I’m working on a retrieval augmented generation project that involves processing around 30,000 PDF files. Many of these documents are quite large, with some containing up to 300 pages each. All the PDFs have been processed through OCR, so I’m dealing with plain text content.
My main challenge is with the document ingestion phase into the knowledge base. I initially attempted to use an open webui setup with an ollama backend, but the performance was unacceptably slow for this volume of data.
I’m looking for recommendations on the most effective approaches for handling this scale of document processing. Has anyone successfully implemented a similar large-scale RAG system? What tools, frameworks, or strategies worked best for your use case? Any insights on optimizing the ingestion pipeline would be greatly appreciated.

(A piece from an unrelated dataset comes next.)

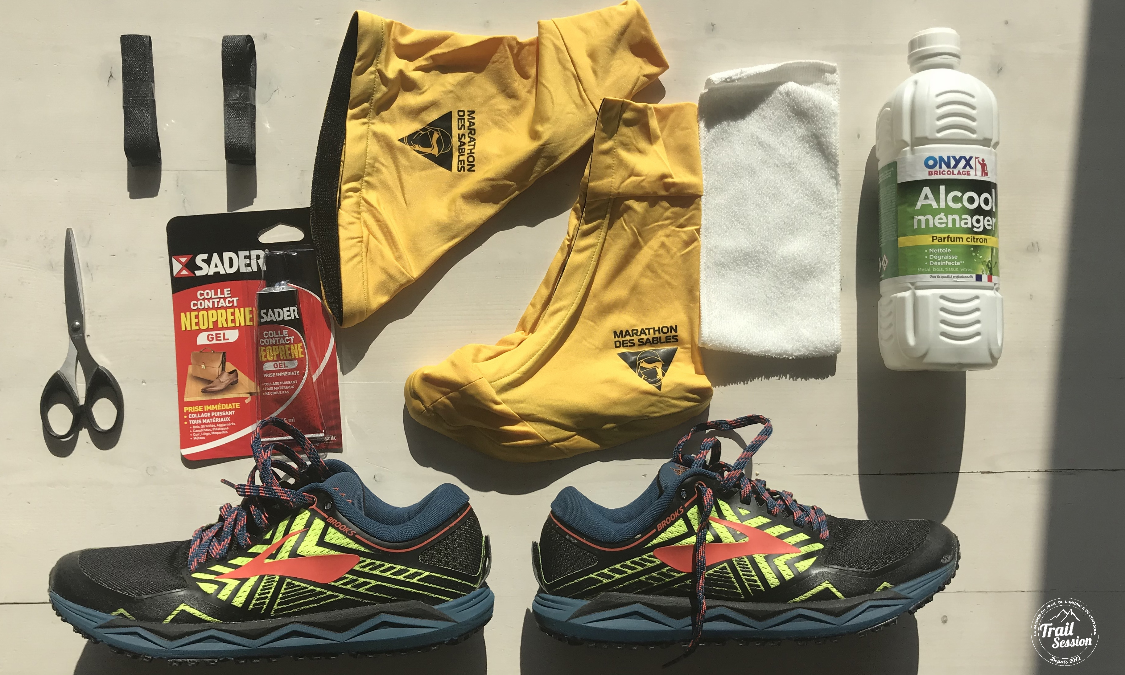 L’utilisation de guêtres peut être fort utile dans les passages de sable. Trop peu de concurrents se rendent chez un podologue afin de préparer leurs pieds ; c’est un tort que beaucoup regrettent après. Deux tailles supplémentaires et des modèles de chaussures larges au niveau des orteils permettront un meilleur confort lorsque les pieds gonfleront par la chaleur… ou par les pansements adhésifs.

Been there with similar document volumes - the ingestion bottleneck will absolutely kill your project if you don’t handle it right.
Break this into parallel chunks instead of processing everything sequentially. Split those 300-page docs into smaller sections (10-20 pages each), then run multiple processing pipelines at once.
Don’t build this manually. Coordinating document splitting, embedding generation, vector storage, and error handling gets messy fast. You’ll debug pipeline issues more than actually using your RAG system.
I handled 25k documents last year using automation for the entire flow. Set up parallel streams processing ~500 documents simultaneously, with automatic retry for failed chunks and smart batching for vector database writes.
Automating this lets you monitor progress real-time, pause/resume processing, and scale based on your infrastructure. Plus you get proper error logging so when something breaks (it will), you know exactly which documents need reprocessing.
Latenode makes complex document pipelines like this really straightforward to build and manage. Check it out at https://latenode.com
Had the same scalability nightmare building a RAG system for legal docs last year. Game changer was ditching sequential processing for parallel with a proper queue system. Used Celery + Redis to spread the work across multiple workers - cut processing time from weeks down to 2 days for ~25k documents. Also stopped using fixed-size chunks and parsed by sections/paragraphs instead to keep the meaning intact. Switched from Chroma to Weaviate for the vector DB - handles scale way better. Heads up on memory requirements - you’ll need tons of RAM or go with disk-based storage. Pro tip: test retrieval quality early because what works for hundreds of docs can fall apart at this scale.